To clear this, I borrowed the code from this link (same as the one I included in my first comment) and played around with it. To get a small example, I set exactly_1_3_sat_formula = [[-1, -2, -3]]. This produces the following circuit:

I also includes some barriers to help me distinguish between the different parts of the circuit. The gates before the first barrier just sets the initial input state for Grover's algorithm. The gates after the first barrier are the black box function, and the ones after this take care of inversion about the average. Then, this two last sections are repeated and finally we measure the first register.

Now, how does the information from the ancilla register get into the first register. Note the $CX$ gates between $q946_0$ and $q945_0$ in the circuit above. Also note that $q945_0$ doesn't get reversed like the ancillary qubits (register $q946$).

How does this have any effect on the $q944$ register if they don't even interact directly? Well, notice that before the $CX(q946_0, q945_0)$, the qubits in the $q944$ and $q946$ registers become entangled because of the Hadamard gates at the beggining of the circuit and the $CX$ gates from the black box. Since the $CX(q946_0, q945_0)$ gate is applied while the two registers are entangled, qubit $q945_0$ has an effect on register $q944$. After the $CX$ gate, the $q944$ and $q946$ registers are un-entangled by reversing the operations, but the entanglement between $q945_0$ and the $q944$ has already been made and is not reversed since the gate that established it is not reversed.

This effect is adding a small negative amplitude to the configuration of the first three qubits that satisfies the clauses, which in this example is only one, with exactly 1 variable set to true (remember that this example uses Exact-1 3-SAT instead of normal 3-SAT). This happens because the $CX$ gate will only have an effect when $q946_0$ is in the $|1rangle$ state. And $q946_0$ will only be in that state for states of $q944$ that satisfy the conditions for Exact-1 3-SAT.

Therefore, the $CX(q946_0, q945_0)$ gate adds a small negative amplitude to the states of $q944$ that satisfy the clauses. Then, this negative amplitude is inverted about the average and that's how we get our result.

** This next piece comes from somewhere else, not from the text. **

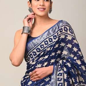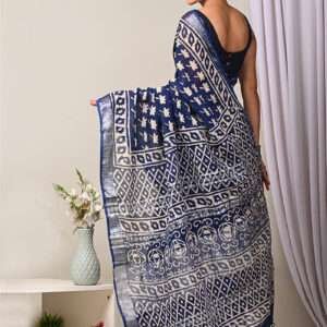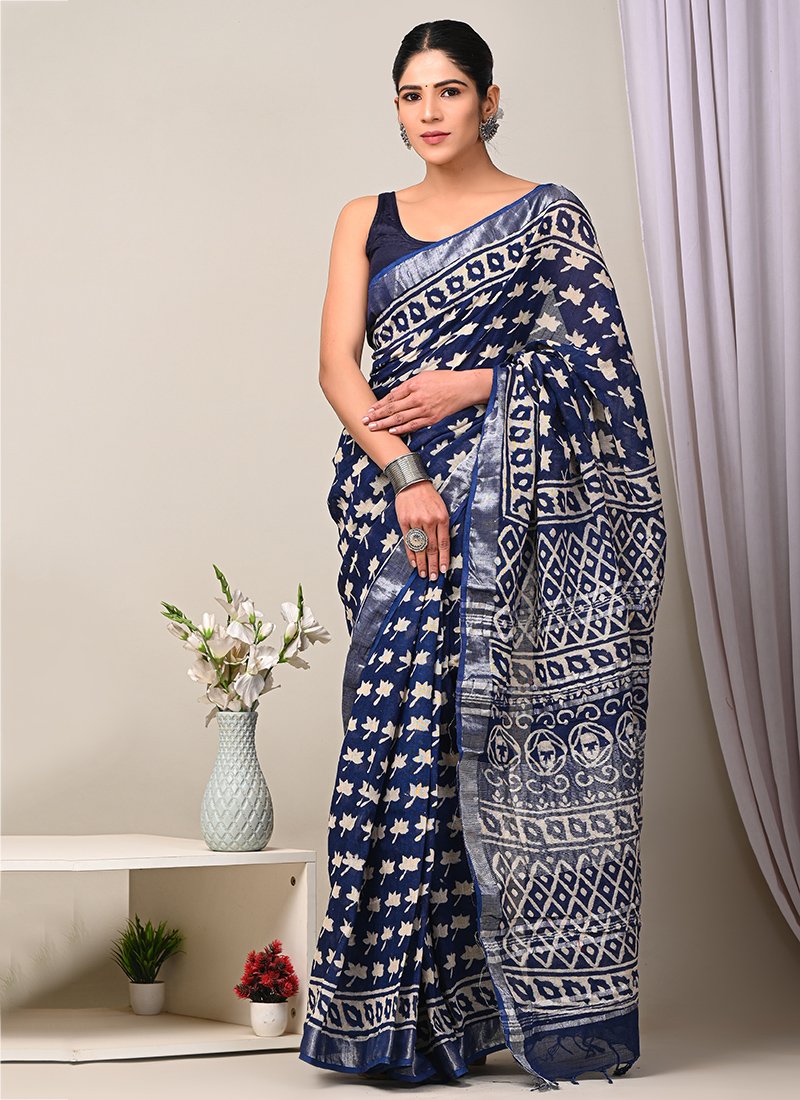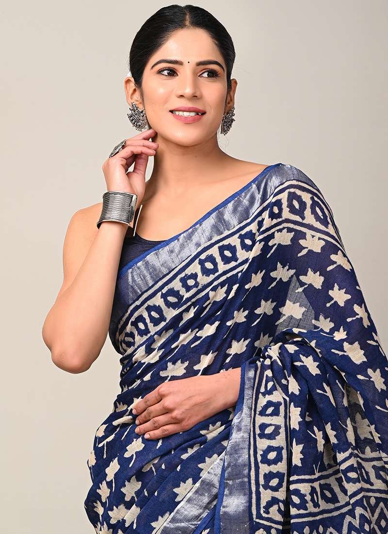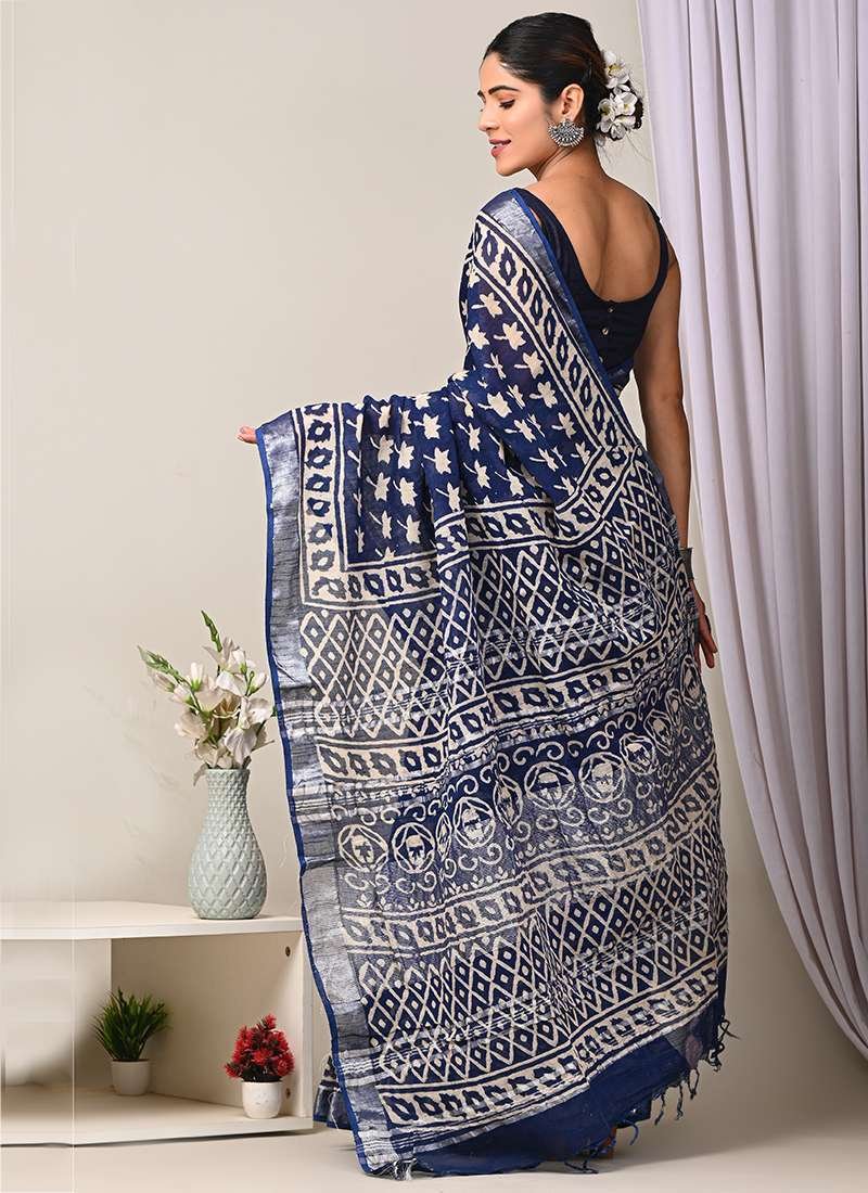 Malhari Navy Blue Linen Cotton Bagru Printed Saree

For cases with more clauses, the procedure is the same but more Controlled-$X$ gates with more control qubits are involved. For example, again using the code from the link I provided but setting exactly_1_3_sat_formula = [[1, -2, 3], [-1, -2, -3], [-1, 2, 3]]. We get the following circuit:

As you can see, now we have a $CCX(q1033_3, q1033_2, q1032_0)$. But the main concept remains the same.

In your circuit, this Controlled-$X$ gate is inside the sixth black box from left to right; notice that it's the only one involving qubit $o_0$ and it's just between the entanglement and un-entanglement.